La verdadera puesta en valor de un espacio natural no consiste en llenarlo de infraestructuras para hacerlo más cómodo. En ocasiones consiste precisamente en lo contrario: intervenir lo mínimo posible, respetar sus dinámicas naturales y permitir que sea el visitante quien se adapte al territorio, y no el territorio quien se adapte al visitante.

Los Ojos de Monreal, Fuentes Claras y Caminreal constituyen uno de los conjuntos de humedales más singulares del sur de Aragón. Su atractivo reside precisamente en su autenticidad, en su carácter semisalvaje y en la biodiversidad que albergan.

Resulta especialmente preocupante que una actuación presentada como ejemplo de renaturalización esté generando dudas sobre su impacto real en algunos de los ecosistemas más sensibles del Alto Jiloca. Si los incendios producidos durante las obras, la afección a los carrizales, la alteración de hábitats de interés y las discrepancias detectadas entre lo proyectado y lo ejecutado no son motivos suficientes para una revisión crítica del proyecto, cabe preguntarse qué lo sería.

La obligación de cualquier administración pública no es defender una actuación a toda costa, sino evaluar sus resultados con transparencia y rectificar cuando sea necesario. Persistir en los errores por razones políticas o administrativas nunca es una buena política ambiental.

Desde la perspectiva de Chunta Aragonesista, la defensa del territorio pasa por compatibilizar la conservación ambiental, el desarrollo rural y la participación social. Las actuaciones sobre espacios tan frágiles como los humedales del Alto Jiloca deben diseñarse desde el consenso, escuchando a vecinos, regantes, asociaciones y especialistas, y priorizando siempre soluciones que minimicen la alteración de los ecosistemas. La mejor manera de poner en valor un espacio natural es conservar aquello que lo hace único.

La renaturalización debería significar devolver espacio a la naturaleza. Cuando una actuación genera la sensación de que el paisaje ha sido más humanizado que naturalizado, es legítimo preguntarse si el camino elegido ha sido el correcto.

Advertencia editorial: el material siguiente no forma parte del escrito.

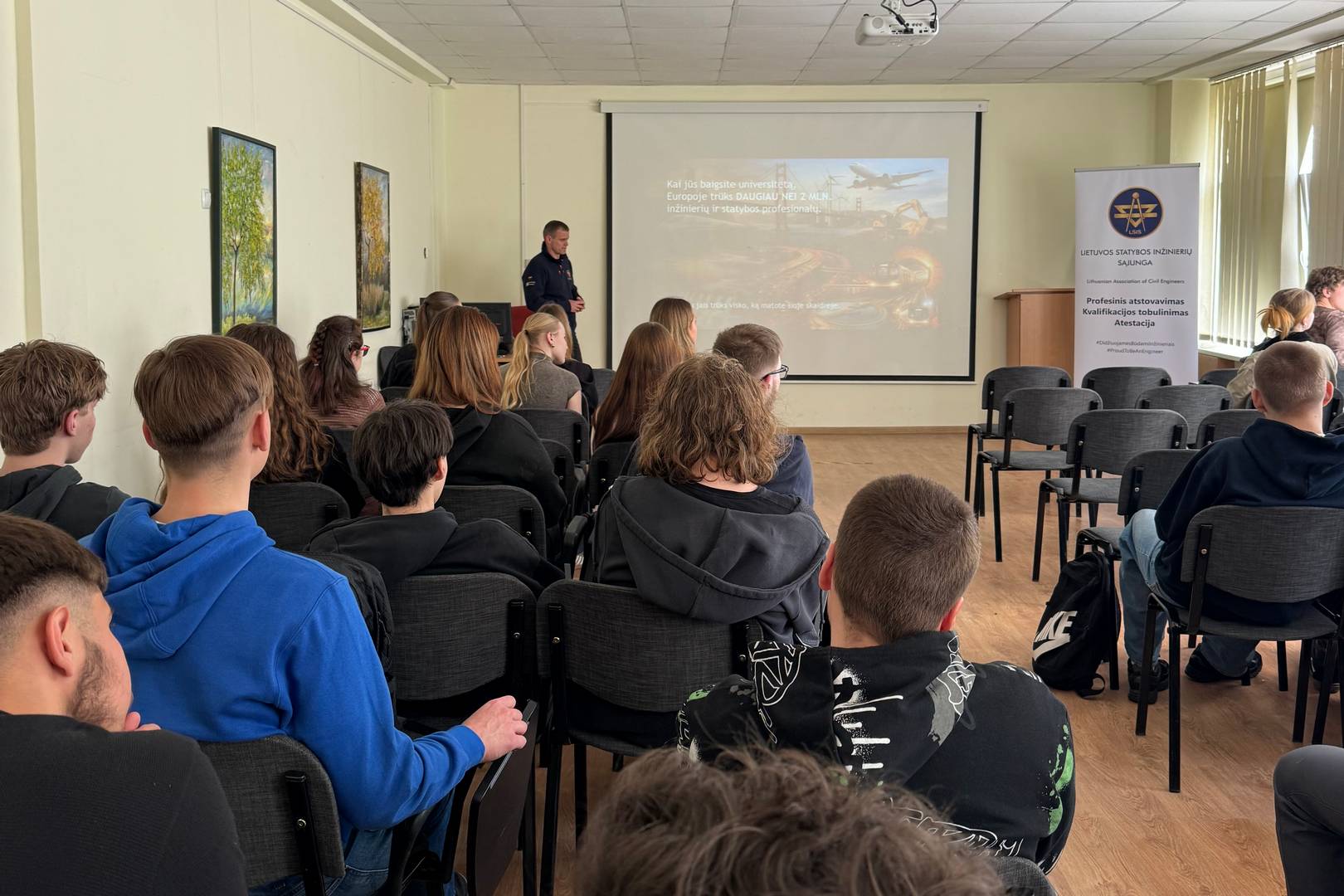Balandžio 13–17 dienomis Lietuvos mokyklose nuvilnijo „Inžinerijos savaitė“ – ambicinga statybos verslo, inžinierių ir švietimo bendruomenės iniciatyva. Šios savaitės tikslas – atverti duris į modernios inžinerijos pasaulį, supažindinti moksleivius su realiais projektais bei padėti suprasti, kokiomis galimybėmis pasižymi šiuolaikinė darbo rinka. Mūsų gimnazijai ši savaitė buvo ypatinga – sulaukėme svečio, kurio sėkmės istorija prasidėjo būtent čia. Savo žiniomis ir profesine patirtimi su mokiniais dalijosi Tomas Bazaras – buvęs Lieporių gimnazijos mokinys, šiuo metu sėkmingai dirbantis statybų techninės priežiūros srityje. Sugrįžimas į savo mokyklą inžinieriui tapo puikia proga parodyti, kaip mokykloje įgytos žinios transformuojasi į atsakingą ir kūrybišką darbą. T. Bazaras ne tik pristatė inžinerinių profesijų spektrą, bet ir akcentavo, kad inžinerija nėra vien sausi skaičiavimai – tai nuolatinis problemų sprendimas ir ateities kūrimas. „Inžinieriai ir specialistai yra tie nematomi architektai, kurie kuria mūsų miestus, transporto sistemas ir energetikos sprendimus. Tai profesija, kuri tiesiogiai formuoja mūsų kasdienį gyvenimą,“ – susitikimo metu pabrėžė svečias. Pagrindinis šio susitikimo tikslas buvo ne tik suteikti informaciją, bet ir pažadinti mokinių smalsumą. Tikime, kad gyvas pavyzdys ir nuoširdus pokalbis su profesionalu padės mūsų gimnazistams drąsiau žvalgytis į inžinerinių studijų pusę. Praktinė patirtis rodo, kad inžinerija gali tapti ne tik darbu, bet ir prasmingu gyvenimo keliu tiems, kurie nori palikti ryškų pėdsaką rytojaus pasaulyje. Dėkojame Tomui Bazarui už įkvepiantį vizitą ir tikimės, kad kai kurie iš šiandieninių klausytojų po kelerių metų grįš į gimnaziją jau kaip jaunieji inžinerijos ekspertai!

Aragón necesita políticas ambientales que nazcan del conocimiento del territorio y no de la simple ejecución presupuestaria. Los humedales del Alto Jiloca no necesitan más hormigón ni más fotografías inaugurales; necesitan conservación, sensibilidad ambiental y una gestión que escuche a quienes llevan décadas defendiendo estos espacios.

Este proyecto fue concebido bajo la responsabilidad del anterior Gobierno de Aragón y hoy continúa ejecutándose bajo la supervisión del actual. Por ello, tanto quienes lo diseñaron como quienes lo están desarrollando tienen la obligación de responder ante la ciudadanía. No basta con inaugurar actuaciones y presentar inversiones millonarias; es necesario demostrar que esas inversiones mejoran realmente el estado de conservación de los espacios naturales. Cuando una actuación denominada “renaturalización” genera incendios, elimina carrizales, altera hábitats sensibles y provoca el rechazo de una parte significativa de la población local, la administración debe escuchar, revisar y, si es necesario, rectificar.

Todavía estamos a tiempo de corregir errores y replantear aquellas actuaciones que puedan comprometer los valores naturales que se pretende proteger. Porque defender Aragón no consiste únicamente en promocionar sus paisajes, sino en conservar el patrimonio natural, cultural y social que los hace únicos.